I have one question: the assumption is that the change in momentum per unit time is 2v dm/dt. Why not v dm/dt? I would expect the water v to be zero once it impacts on the can's bottom, not reverse with equal |v|.

Why should it be zero?

The maximum possible height is needed. If the change of momentum is less, the force of the geyser is equal to the weight at higher speed, at lower height.

ehild

 

[D H]

i have one question: The assumption is that the change in momentum per unit time is 2v dm/dt. Why not v dm/dt? I would expect the water v to be zero once it impacts on the can's bottom, not reverse with equal |v|.

why should it be zero?

I suspect rude man was looking at things from a realistic rather than theoretical perspective. I would expect that if this was tried experimentally, one would see collisions that are much closer to purely inelastic than elastic. When the water hits the can it will bounce off slightly inelastically and immediately collide with incoming water. The end result will be a close to purely inelastic collision with the water dribbling down the sides of the can.

However, the question is asking for the maximum possible height, and to get that you need elastic collisions.

 

[rude man]

When I started school, (a very long time ago) we used kg for weight. And then (in my country) we said kg-weight for the weight and kg for mass. And then we used kilopond for the force equal to the weight of 1 kg mass, which was equivalent to Newton.



Why should it be zero?

The maximum possible height is needed. If the change of momentum is less, the force of the geyser is equal to the weight at higher speed, at lower height.

ehild

That was not my question. My question is why is dp/dt = 2v dm/dt instead of v dm/dt.

In other words, why is the collision of the water with the can bottom considered an elastic vs. an inelastic collision.

 

[D H]

In other words, why is the collision of the water with the can bottom considered an elastic vs. an inelastic collision.

Because the problem is to find the maximum height at which the garbage can rides, not the height at which the garbage can will ride realistically. Elastic collisions will yield the largest possible height.

 

[rude man]

I suspect rude man was looking at things from a realistic rather than theoretical perspective. I would expect that if this was tried experimentally, one would see collisions that are much closer to purely inelastic than elastic. When the water hits the can it will bounce off slightly inelastically and immediately collide with incoming water. The end result will be a close to purely inelastic collision with the water dribbling down the sides of the can.

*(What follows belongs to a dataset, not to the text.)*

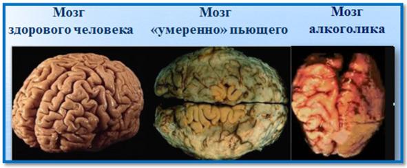 После всякой, пусть даже умеренной выпивки, кладбище погибших мозговых клеток пополняется. И когда врачи вскрывают черепную коробку любого, так называемого «умеренно пившего» человека, у каждого наблюдается одна и та же картина: сморщенный мозг, вся поверхность коры в микрорубцах, микроязвах, выпадах структур — это на языке хирургов, а языком нейробиологов — тени клеток. Это когда все клетки, разрушенные алкоголем, сливаются в канализацию, а в мозге остается пустота в форме клетки, заполненная серозной жидкостью. Когда же врачи вскрывают «конкретно пьющих», они удивляются не тому, насколько разрушен мозг, а уже тому, каким образом человек продолжал еще жить.

However, the question is asking for the maximum possible height, and to get that you need elastic collisions.

Thanks DH. I guess that's what the question meant by "maximum" height. Meaning a purely elastic collision.

Thanks for your post. I feel better already!

 

[ehild]

That was not my question. My question is why is dp/dt = 2v dm/dt instead of v dm/dt.

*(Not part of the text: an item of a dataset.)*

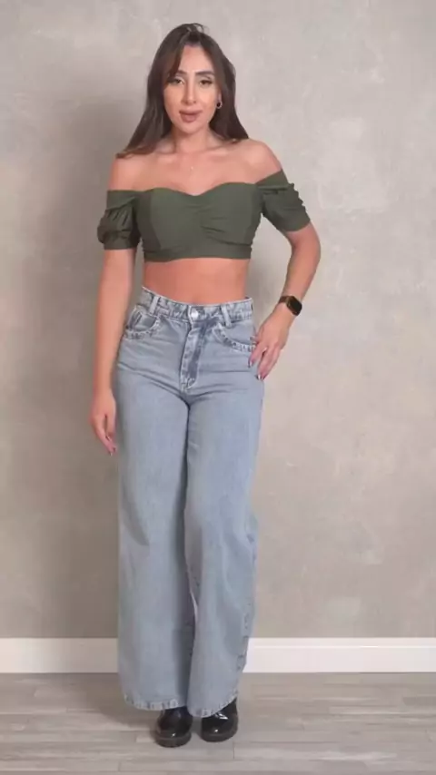 Calça Jeans Wide Leg Marmorizada disponível no link abaixo. #looks #viraliza #kwaishop #elegancia

In other words, why is the collision of the water with the can bottom considered an elastic vs. an inelastic collision.

The Physics problems in the books are not always realistic. You get higher stationary position for the garbage can if you take the collision elastic. And the problem asked the highest possible position.


ehild

 

[rude man]

The Physics problems in the books are not always realistic. You get higher stationary position for the garbage can if you take the collision elastic. And the problem asked the highest possible position.


ehild

What if an elastic collision is not possible?
I hope you get my point. It was a stupidly worded question.

 

[Enigman]

Then the question would mention the coefficient of restitution or something and not just 'maximum height', it was just a way to get the student thinking about the difference between elastic and inelastic collision and quite clever at that. In real world? Yep, pretty stupid since collision would be more inelastic than elastic.

 

[rude man]

Then the question would mention the coefficient of restitution or something and not just 'maximum height', it was just a way to get the student thinking about the difference between elastic and inelastic collision and quite clever at that. In real world? Yep, pretty stupid since collision would be more inelastic than elastic.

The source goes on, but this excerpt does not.